Claudio Pelissero is an Italian music composer and producer of original soundtracks for film and television and, under the pseudonym Claud9, of electronic music. In 2000, he composed the original soundtrack for the motion picture Venti winning the award for the best original score at the Brooklyn International Film Festival. In 2013 he composed the original theme for the ESPN Broadcast Open NBA Finals and the original soundtrack for the documentary, All I Can, produced by Sherpas Cinema.
He is the composer of two famous electronic compositions "Cygnes" and "Rain" released by Armada Music and Black Hole Recordings and are part of two popular and best seller compilation albums : "Cygnes" - A State of Trance 2008 and "Rain" - Toronto '09.
The composition "Cygnes" is also included in the soundtrack of the bestseller video game Forza Motorsport 3.

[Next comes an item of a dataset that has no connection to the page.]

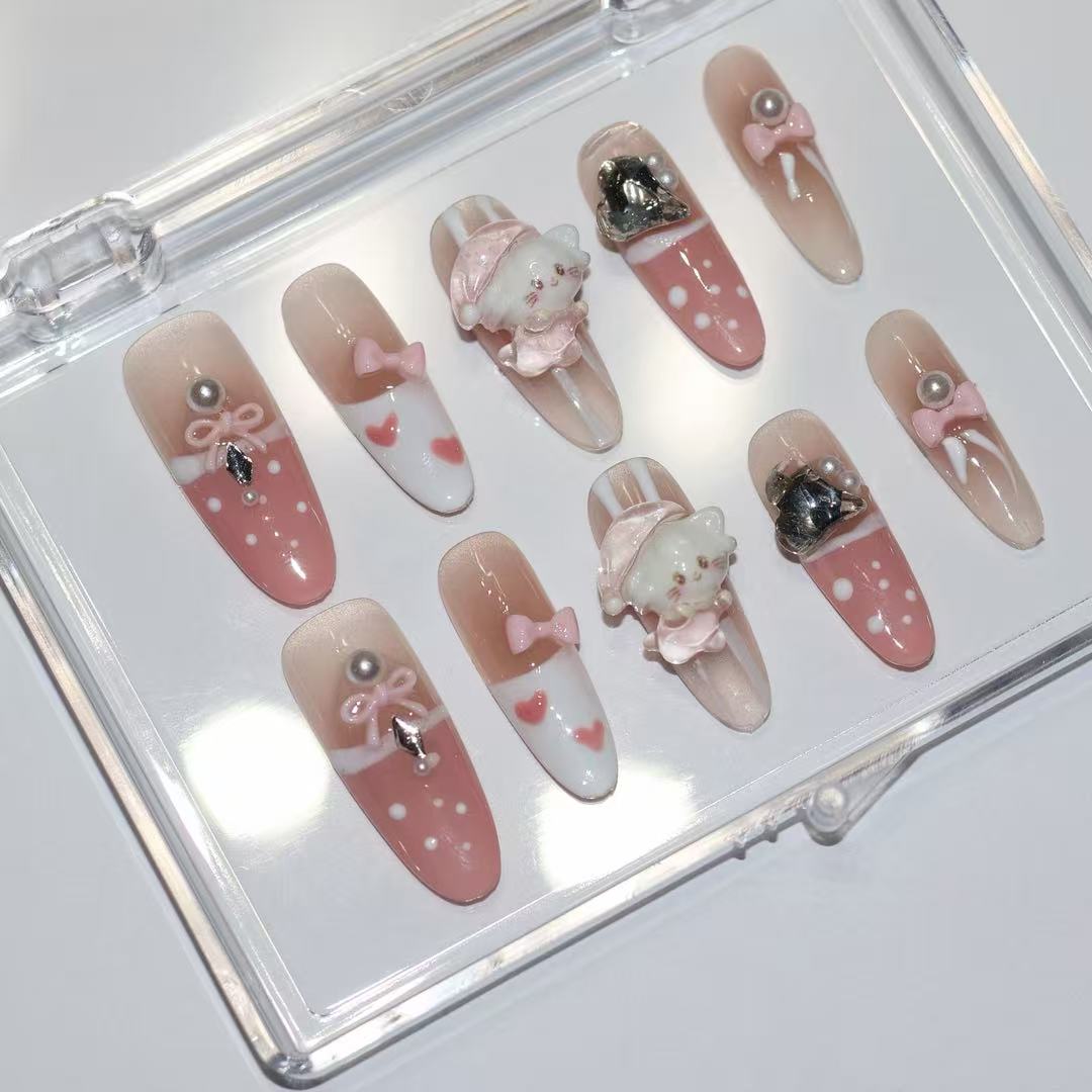 Upgrade your manicure instantly with our handmade luxury press-on nails, featuring soft pink tones, delicate bows, pearls, and adorable 3D character accents. Designed to combine elegance with playful charm, this set creates a dreamy salon-quality look without damaging your natural nails.

In 2010 he composed the original soundtrack for the film, Maledimiele (published by Warner/Chappell Music) presented at the Venice Film Festival.
In 2013 his composition "Transformations" is used for the promotional trailer of Beyoncé world tour Mrs. Carter Show World Tour.

In 2014 his compositions "ION" and "BEAST" have been used for the promotional trailer of the video game Call of Duty: Ghosts produced by Activision.